*Information supplied*:
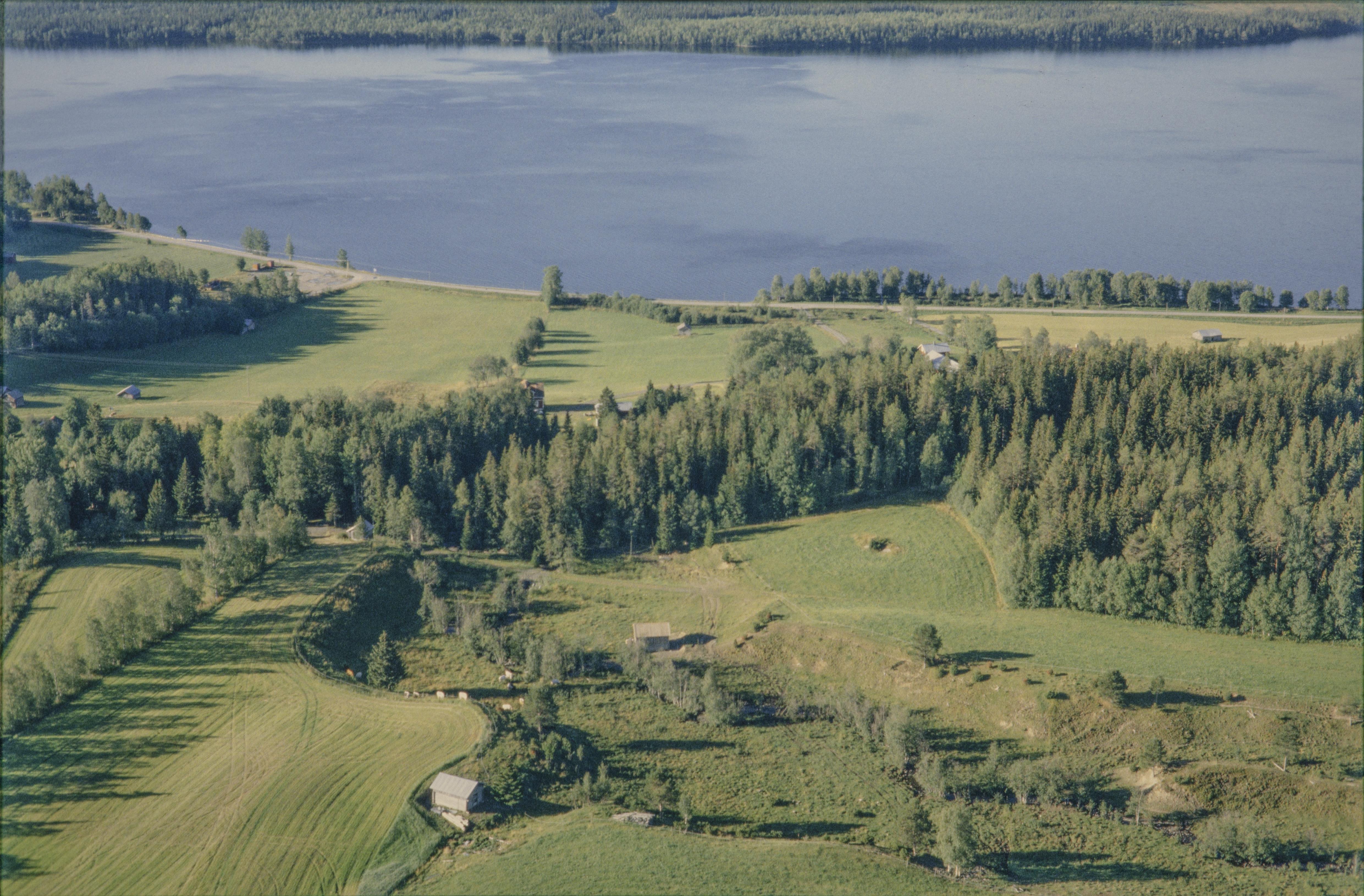 Beskrivning: Glösa by vid pilgrimleden Sankt Olavsleden på nordsidan av Alsensjön. I skogen till vänster om bildens mitt Glösaberget med hällristningar RAÄnr Alsen 13:1. Bilden är tagen mot (väderstreck): SSV
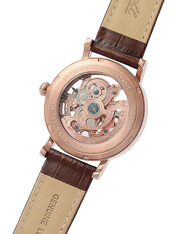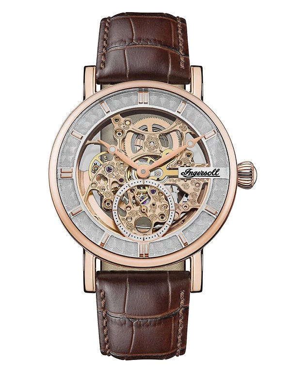 This striking watch from Ingersoll is a classic to wear forever. The dial features an elegant rose gold bezel and crown along with a large skeleton dial showing off the inner workings of this sophisticated timepiece. The baton hour markers are tracked with slim hands, and there’s a matching sub-dial to track seconds. A water resistance of 50m makes it ideal for everyday wear, and the croc-effect leather buckle strap adds a premium finish. Plus, it’s powered by wrist movement, so there’s no need to replace batteries.
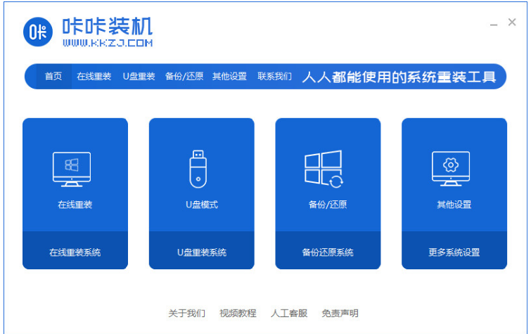 1.首先我们打开【咔咔装机】重装工具,在首页当中点击在线安装功能。

*Task brief*: Give back the data exactly. Pictures stay out.

*Your response*:
 Beskrivning: Glösa by vid pilgrimleden Sankt Olavsleden på nordsidan av Alsensjön. I skogen till vänster om bildens mitt Glösaberget med hällristningar RAÄnr Alsen 13:1. Bilden är tagen mot (väderstreck): SSV
 This striking watch from Ingersoll is a classic to wear forever. The dial features an elegant rose gold bezel and crown along with a large skeleton dial showing off the inner workings of this sophisticated timepiece. The baton hour markers are tracked with slim hands, and there’s a matching sub-dial to track seconds. A water resistance of 50m makes it ideal for everyday wear, and the croc-effect leather buckle strap adds a premium finish. Plus, it’s powered by wrist movement, so there’s no need to replace batteries.
 1.首先我们打开【咔咔装机】重装工具,在首页当中点击在线安装功能。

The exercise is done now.